Dataset records:
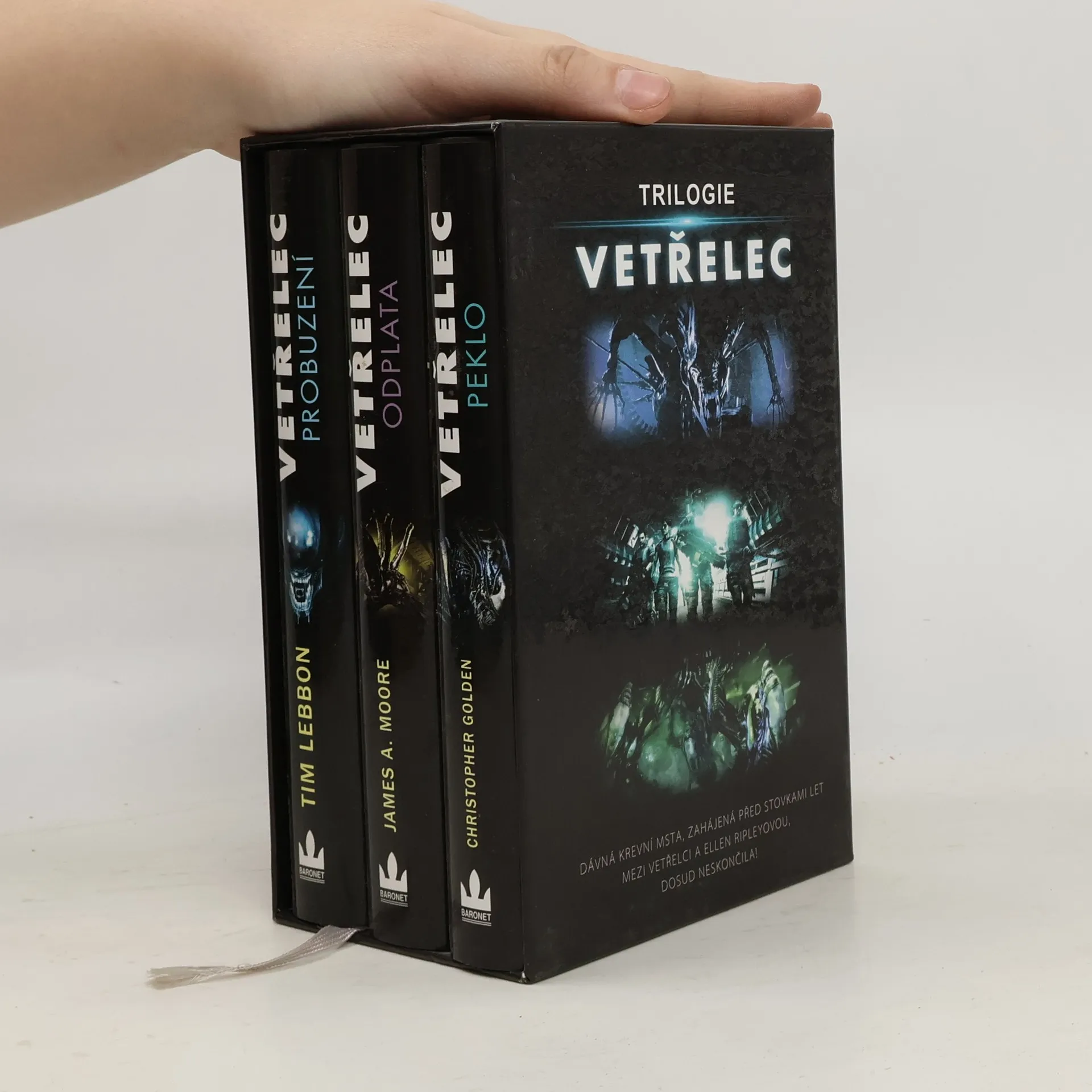Box obsahuje následující tituly: Tim Lebbon: Vetřelec - Probuzení. V roce 2159, po vítězství Ellen Ripleyové nad vetřelcem, stále pluje v hibernačním spánku. Během těžby vzácného minerálu na planetě LV178 se objevují záhadní tvorové, a zlo se probouzí. Hlavní inženýr Chris Hooper a jeho posádka čelí zkáze, a jejich poslední nadějí je nouzový signál zachycený Elleniným záchranným modulem. Román je prvním dílem trilogie spojené s kultovní sci-fi ságou o vetřelcích. James A. Moore: Vetřelec - Odplata. Alan Decker dohlíží na terraformaci planety LV178, nyní známé jako Nový Galveston. Pod jejím povrchem se skrývá živý vetřelec a tajemství společnosti Weyland-Yutani. Decker se postupně dozvídá, že má s těmito nebezpečnými tvory osobní spojení, a krvavá msta mezi vetřelci a Ellen Ripleyovou stále pokračuje. Tento román je druhým dílem trilogie. Christopher Golden: Vetřelec - Peklo. Ellen Ripleyová pluje ve svém záchranném modulu a planeta LV-426 byla terraformována a osídlena. Kolonizátoři hledají nový život, ale na planetě se začínají dít podivné věci. Po sedmapadesáti letech bloudění se Ellen konečně dostává k záchraně, ale Weyland-Yutani ji potřebuje, protože na LV-426 se stalo něco závažného. Tento román je třetím dílem trilogie.
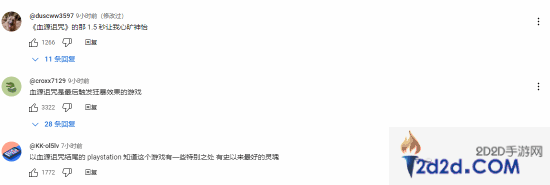 有玩家留言表示:“在这个视频的结尾播放《血源》真的很有意义”“‘关于坚持’——这段《血源》的片段有双重含义,他们知道我们一直在请求(新作/重制版)”“说‘关于坚持’这句话感觉像是在针对社区的暗示”
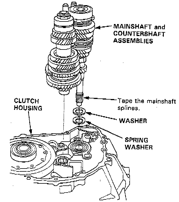 NOTE: Before removing the mainshaft and countershaft assemblies, tape the mainshaft splines to protect the seal.
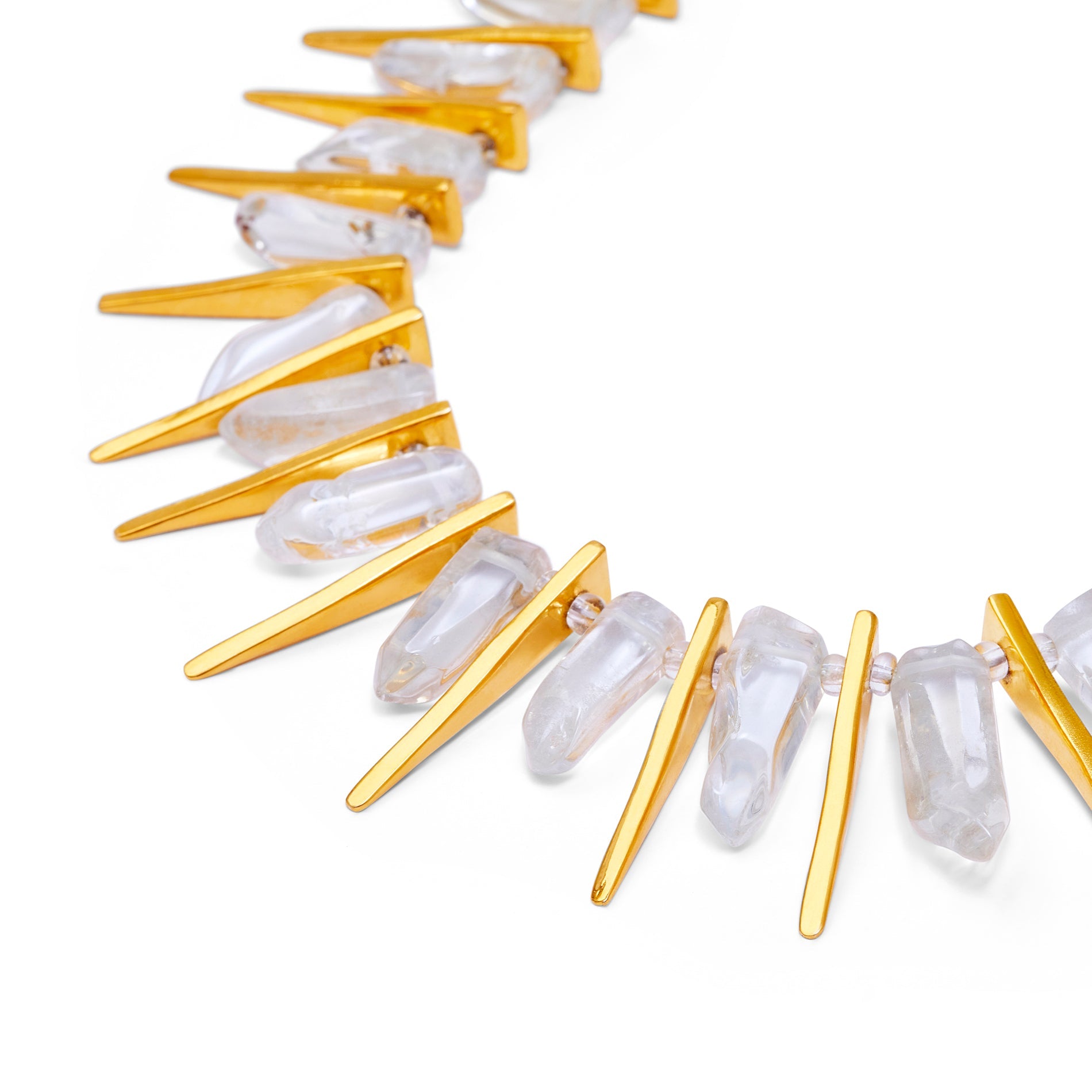 This incredible 1990s necklace by Kenneth Jay Lane makes a real statement and was designed to turn heads! It features a two strand chain comprised of elongated gold pieces, and clear glass beads which very realistically emulate rock crystal. The unique interlocking clasp is incredibly distinctive to Kenneth Jay Lane designs, and so the necklace can comfortably be dated to the mid 1990s, with its modern design and dynamic use of Lucite typical to the radicalism of the era. Weighty and extravagant, it would make a spectacular evening piece, perfect for a cocktail party or black tie event.
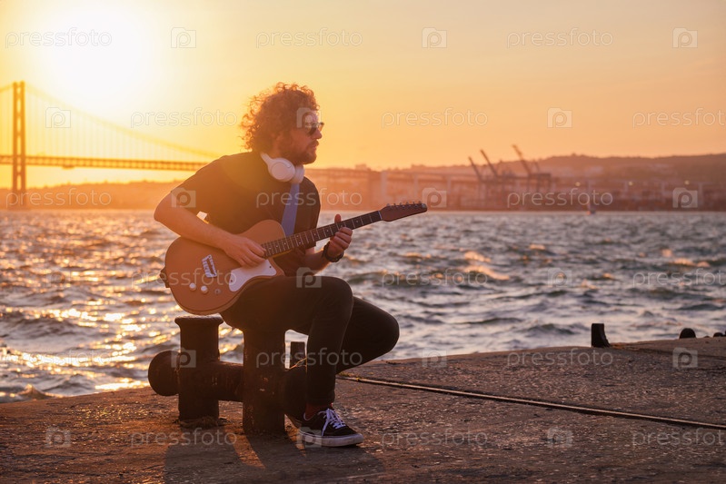 Хипстерский уличный музыкант в черном играет на электрической гитаре снаружи при закате
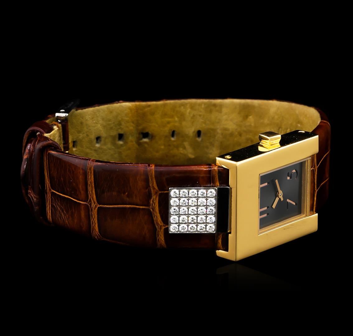 One, custom cast & hand crafted Pomellato Stress wristwatch, electronically tested 18KT Rose gold, Case: 28mm x 22mm, Case Back: secured by four set screws, engraved with the manufactures name, model, and ID numbers, Crown: square, Bezel: fixed, with a high polish, Crystal: synthetic sapphire crystal. Movement: quartz. Dial: Slate Black color, with baton hands and four numerals, Pomellato Bracelet: leather strap, Seven inch length adjustable, Condition: G-6 Extra Fine. Containing: Twenty-Five prong set round brilliant cut diamonds, measuring 1.70 - 1.70 x 1.02mm (depth est.) approximate total weight of 25 Stones = 0.50ct. Graded in the setting. Clarity: VVS-1 to VVS-2. Color: E - F. Total Weight of Diamonds 0.50ct. Total Weight of Watch 41.85gm. AIG Appraised at $4,000.00.
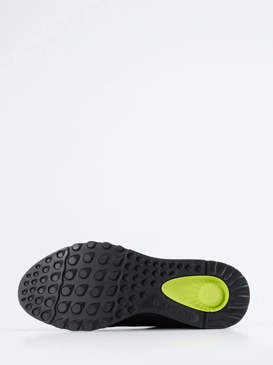 Vielseitiger Komfort in urbanem Design.Ecco präsentiert mit diesem Herren-Sneaker eine stilvolle Alltagslösung mit funktionalen Details. Für nasses Herbstwetter oder spontane Stadtspaziergänge kombiniert das Modell geschmeidiges Lammleder mit einer wasserdichten GORE-TEX®-Membran. Die matte schwarze Oberfläche wirkt minimalistisch, während neonfarbene Akzente an der profilierten Laufsohle sportliche Dynamik einbringen. Der gepolsterte Schaftrand, Textilfutter und eine herausnehmbare Innensohle optimieren den Tragekomfort. Durch seine klassisch-sportliche Silhouette passt er zu funktionalen Streetwear-Looks. Ein durchdachter Schuh mit Ecco-typischer Passformqualität für anspruchsvolle Alltagsmomente.
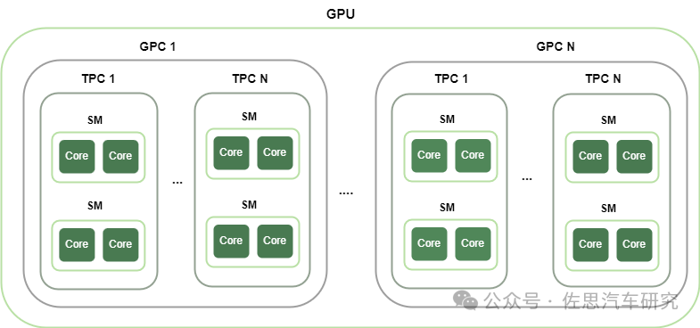 首先我们要对GPU架构有所了解,与CPU相比,GPU的体系架构中的一个最大特点就是增加了大量的运算单元ALU,通常GPU的一个处理器(也叫做流式多处理器,Streaming Multiprocessor)包括数十甚至上百个简单的计算核,整个GPU可以达到上千个核,与CPU相比,每个核的结构简单了很多,通常不支持一些CPU中使用的较为复杂的调度机制。在执行指令的时候,为了充分利用每一次读取指令带来的开销,GPU会以一组线程为单位同时执行相同的指令,即SIMT(单指令多线程)的方式,在CUDA GPU上,一组线程称为warp,也翻译叫线程束,一个warp有32个线程,每个线程执行相同的指令但访问不同的数据。为了将一个并行程序映射到GPU的多级并行度上,CUDA中首先将一组线程(通常不超1024个)组成一个线程块(block),每个线程块中的线程又可以分成多个warp被调度到GPU核上执行,一个线程块可以在一个SM上运行,多个线程块又可以组成一个网格(grid)。

Brief: Your answer is an exact copy of the records above, stripped of pictures.

Finished exercise:
Box obsahuje následující tituly: Tim Lebbon: Vetřelec - Probuzení. V roce 2159, po vítězství Ellen Ripleyové nad vetřelcem, stále pluje v hibernačním spánku. Během těžby vzácného minerálu na planetě LV178 se objevují záhadní tvorové, a zlo se probouzí. Hlavní inženýr Chris Hooper a jeho posádka čelí zkáze, a jejich poslední nadějí je nouzový signál zachycený Elleniným záchranným modulem. Román je prvním dílem trilogie spojené s kultovní sci-fi ságou o vetřelcích. James A. Moore: Vetřelec - Odplata. Alan Decker dohlíží na terraformaci planety LV178, nyní známé jako Nový Galveston. Pod jejím povrchem se skrývá živý vetřelec a tajemství společnosti Weyland-Yutani. Decker se postupně dozvídá, že má s těmito nebezpečnými tvory osobní spojení, a krvavá msta mezi vetřelci a Ellen Ripleyovou stále pokračuje. Tento román je druhým dílem trilogie. Christopher Golden: Vetřelec - Peklo. Ellen Ripleyová pluje ve svém záchranném modulu a planeta LV-426 byla terraformována a osídlena. Kolonizátoři hledají nový život, ale na planetě se začínají dít podivné věci. Po sedmapadesáti letech bloudění se Ellen konečně dostává k záchraně, ale Weyland-Yutani ji potřebuje, protože na LV-426 se stalo něco závažného. Tento román je třetím dílem trilogie.
 有玩家留言表示:“在这个视频的结尾播放《血源》真的很有意义”“‘关于坚持’——这段《血源》的片段有双重含义,他们知道我们一直在请求(新作/重制版)”“说‘关于坚持’这句话感觉像是在针对社区的暗示”
 NOTE: Before removing the mainshaft and countershaft assemblies, tape the mainshaft splines to protect the seal.
 This incredible 1990s necklace by Kenneth Jay Lane makes a real statement and was designed to turn heads! It features a two strand chain comprised of elongated gold pieces, and clear glass beads which very realistically emulate rock crystal. The unique interlocking clasp is incredibly distinctive to Kenneth Jay Lane designs, and so the necklace can comfortably be dated to the mid 1990s, with its modern design and dynamic use of Lucite typical to the radicalism of the era. Weighty and extravagant, it would make a spectacular evening piece, perfect for a cocktail party or black tie event.
 Хипстерский уличный музыкант в черном играет на электрической гитаре снаружи при закате
 One, custom cast & hand crafted Pomellato Stress wristwatch, electronically tested 18KT Rose gold, Case: 28mm x 22mm, Case Back: secured by four set screws, engraved with the manufactures name, model, and ID numbers, Crown: square, Bezel: fixed, with a high polish, Crystal: synthetic sapphire crystal. Movement: quartz. Dial: Slate Black color, with baton hands and four numerals, Pomellato Bracelet: leather strap, Seven inch length adjustable, Condition: G-6 Extra Fine. Containing: Twenty-Five prong set round brilliant cut diamonds, measuring 1.70 - 1.70 x 1.02mm (depth est.) approximate total weight of 25 Stones = 0.50ct. Graded in the setting. Clarity: VVS-1 to VVS-2. Color: E - F. Total Weight of Diamonds 0.50ct. Total Weight of Watch 41.85gm. AIG Appraised at $4,000.00.
 Vielseitiger Komfort in urbanem Design.Ecco präsentiert mit diesem Herren-Sneaker eine stilvolle Alltagslösung mit funktionalen Details. Für nasses Herbstwetter oder spontane Stadtspaziergänge kombiniert das Modell geschmeidiges Lammleder mit einer wasserdichten GORE-TEX®-Membran. Die matte schwarze Oberfläche wirkt minimalistisch, während neonfarbene Akzente an der profilierten Laufsohle sportliche Dynamik einbringen. Der gepolsterte Schaftrand, Textilfutter und eine herausnehmbare Innensohle optimieren den Tragekomfort. Durch seine klassisch-sportliche Silhouette passt er zu funktionalen Streetwear-Looks. Ein durchdachter Schuh mit Ecco-typischer Passformqualität für anspruchsvolle Alltagsmomente.
 首先我们要对GPU架构有所了解,与CPU相比,GPU的体系架构中的一个最大特点就是增加了大量的运算单元ALU,通常GPU的一个处理器(也叫做流式多处理器,Streaming Multiprocessor)包括数十甚至上百个简单的计算核,整个GPU可以达到上千个核,与CPU相比,每个核的结构简单了很多,通常不支持一些CPU中使用的较为复杂的调度机制。在执行指令的时候,为了充分利用每一次读取指令带来的开销,GPU会以一组线程为单位同时执行相同的指令,即SIMT(单指令多线程)的方式,在CUDA GPU上,一组线程称为warp,也翻译叫线程束,一个warp有32个线程,每个线程执行相同的指令但访问不同的数据。为了将一个并行程序映射到GPU的多级并行度上,CUDA中首先将一组线程(通常不超1024个)组成一个线程块(block),每个线程块中的线程又可以分成多个warp被调度到GPU核上执行,一个线程块可以在一个SM上运行,多个线程块又可以组成一个网格(grid)。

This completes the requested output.